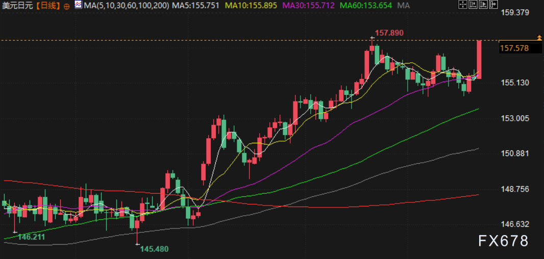汇通财经APP讯——美元兑日元周五上涨,最高升至157.76,为四周来最高水平,创下10月初以来最大单日涨幅。日本央行周五加息25个基点,将短期利率上调至0.75%,利率水平创30年来新高,这也是2025年1月以后,日本央行11个月来再次进行加息,这一政策调整突显出,在1990年房地产泡沫破裂导致物价持续数十年疲软后,通胀逐渐融入经济的重大转变中,日本央行决心继续加息。
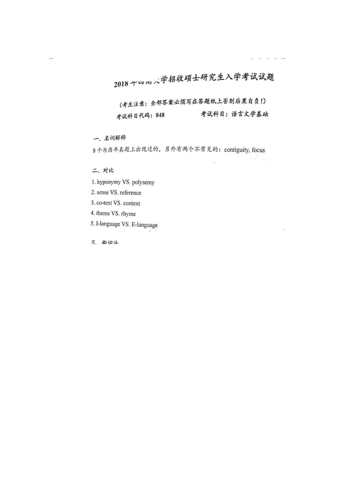 西南大学848语言文学基础2018年真题
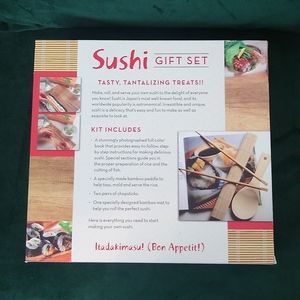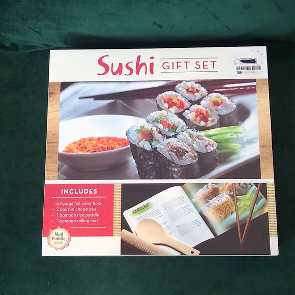 Mud Puddle sushi gift set, comes with book, 2 pairs of chopsticks, one bamboo rice paddle, one bamboo rolling mat
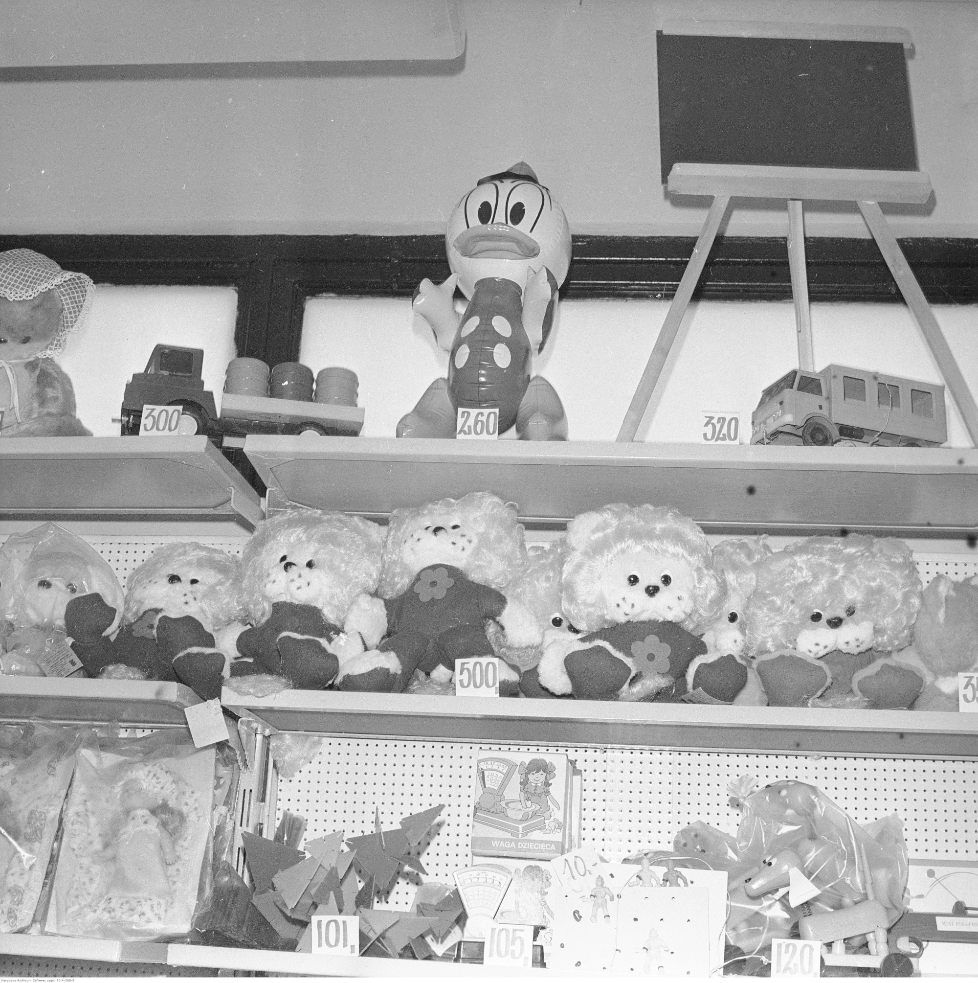 Krajowe Targi Poznańskie „Wiosna 74”. Ekspozycja zabawek dmuchanych i pluszowych (fot. Narodowe Archiwum Cyfrowe, sygn. 40-4-306-6)Dziecko na rowerku w Centrum Zdrowia Dziecka w Warszawie (fot. Narodowe Archiwum Cyfrowe, sygn. 40-L-8-5)Krajowe Targi Poznańskie „Wiosna 74” (fot. Narodowe Archiwum Cyfrowe, sygn. 40-4-306-10)Giełda rzemiosła w Pałacu Kultury i Nauki w Warszawie. Stoisko z zabawkami, 1976 r. (fot. Narodowe Archiwum Cyfrowe, sygn. 40-4-304-6)Sklep z zabawkami, 1950–1960 r. (fot. Narodowe Archiwum Cyfrowe, sygn. 51-279-1)Krajowe Targi Poznańskie „Wiosna 74”, Ekspozycja zabawek pluszowych (fot. Narodowe Archiwum Cyfrowe, sygn. 40-4-306-1)Pluszowy pies, 1972–1980 r. (fot. Narodowe Archiwum Cyfrowe, sygn. 40-Z-42-1)Sklep „Wesoły Tomek” Warszawskiej Spółdzielni Spożywców „Społem” przy ul. Cieszkowskiego 1/3 w Warszawie, 1967 r. (fot. Narodowe Archiwum Cyfrowe, sygn. 40-4-169-3)Sklep z zabawkami przy ul. Nowy Świat 57 w Warszawie, 1979 r. (fot. Narodowe Archiwum Cyfrowe, sygn. 40-4-210-5)Zajęcia w sekcjach w Pałacu Młodzieży w Warszawie. Wypożyczalnia sprzętu sportowego, zabawek i wielu innych przedmiotów, tak zwana „igroteka”, 1955 r. (fot. Narodowe Archiwum Cyfrowe, sygn. 51-367-9)Pudel Agat z nadmuchiwanym psem zabawką (fot. Narodowe Archiwum Cyfrowe, sygn. 40-P-359-6)Centralny Dom Dziecka u zbiegu ul. Kruczej i Alej Jerozolimskich w Warszawie, 1974 r. (fot. Narodowe Archiwum Cyfrowe, sygn. 40-4-244-3)Świąteczne iluminacje na Domach Towarowych „Centrum” w Warszawie, 1973 r. (fot. Narodowe Archiwum Cyfrowe, sygn. 40-W-166-9)Trzykołowe rowerki w sklepie z zabawkami, 1950–1960 r. (fot. Narodowe Archiwum Cyfrowe, sygn. 51-279-3)Krajowe Targi Poznańskie „Wiosna 74”, Ekspozycja zabawek pluszowych (fot. Narodowe Archiwum Cyfrowe, sygn. 40-4-306-11)Stoisko z zabawkami w Hali Mirowskiej, 1979 r. (fot. Narodowe Archiwum Cyfrowe, sygn. 40-4-256-22)Krajowe Targi Poznańskie „Wiosna 74”. Ekspozycja zabawek zdalnie sterowanych (fot. Narodowe Archiwum Cyfrowe, sygn. 40-4-306-7)Sklep z zabawkami przy ul. Nowy Świat 57 w Warszawie, 1979 r. (fot. Narodowe Archiwum Cyfrowe, sygn. 40-4-210-1)Stoisko z zabawkami w Hali Mirowskiej, 1979 r. (fot. Narodowe Archiwum Cyfrowe, sygn. 40-4-256-24)Dom Handlowy Smyk u zbiegu ul. Kruczej i Alej Jerozolimskich w Warszawie, 1975 r. (fot. Narodowe Archiwum Cyfrowe, sygn. 40-4-245-1)Spółdzielczy Dom Handlowy „Feniks” u zbiegu ul. Siennej i ul. Żelaznej w Warszawie, stoisko z zabawkami i wyrobami „Corridori”,1972–1975 r. (fot. Narodowe Archiwum Cyfrowe, sygn. 40-4-252-2)Krajowe Targi Poznańskie „Wiosna 74”, ekspozycja zabawek (fot. Narodowe Archiwum Cyfrowe, sygn. 40-4-306-3)Krajowe Targi Poznańskie „Wiosna 74”, ekspozycja zabawek (fot. Narodowe Archiwum Cyfrowe, sygn. 40-4-306-2)Sklep „Maluszek” Warszawskiej Spółdzielni Spożywców „Społem” przy ul. Kochanowskiego 1 w Warszawie, 1982 r. (fot. Narodowe Archiwum Cyfrowe, sygn. 40-4-208-5)Krajowe Targi Poznańskie „Wiosna 74”, ekspozycja zabawek (fot. Narodowe Archiwum Cyfrowe, sygn. 40-4-306-9)
______
◆ EXERCISE DESCRIPTION
Restate only the lines running from the start of the material above through the line containing "Mud Puddle sushi", ends included. No pictures.

◆ ANSWER BOX
汇通财经APP讯——美元兑日元周五上涨,最高升至157.76,为四周来最高水平,创下10月初以来最大单日涨幅。日本央行周五加息25个基点,将短期利率上调至0.75%,利率水平创30年来新高,这也是2025年1月以后,日本央行11个月来再次进行加息,这一政策调整突显出,在1990年房地产泡沫破裂导致物价持续数十年疲软后,通胀逐渐融入经济的重大转变中,日本央行决心继续加息。
 西南大学848语言文学基础2018年真题
 Mud Puddle sushi gift set, comes with book, 2 pairs of chopsticks, one bamboo rice paddle, one bamboo rolling mat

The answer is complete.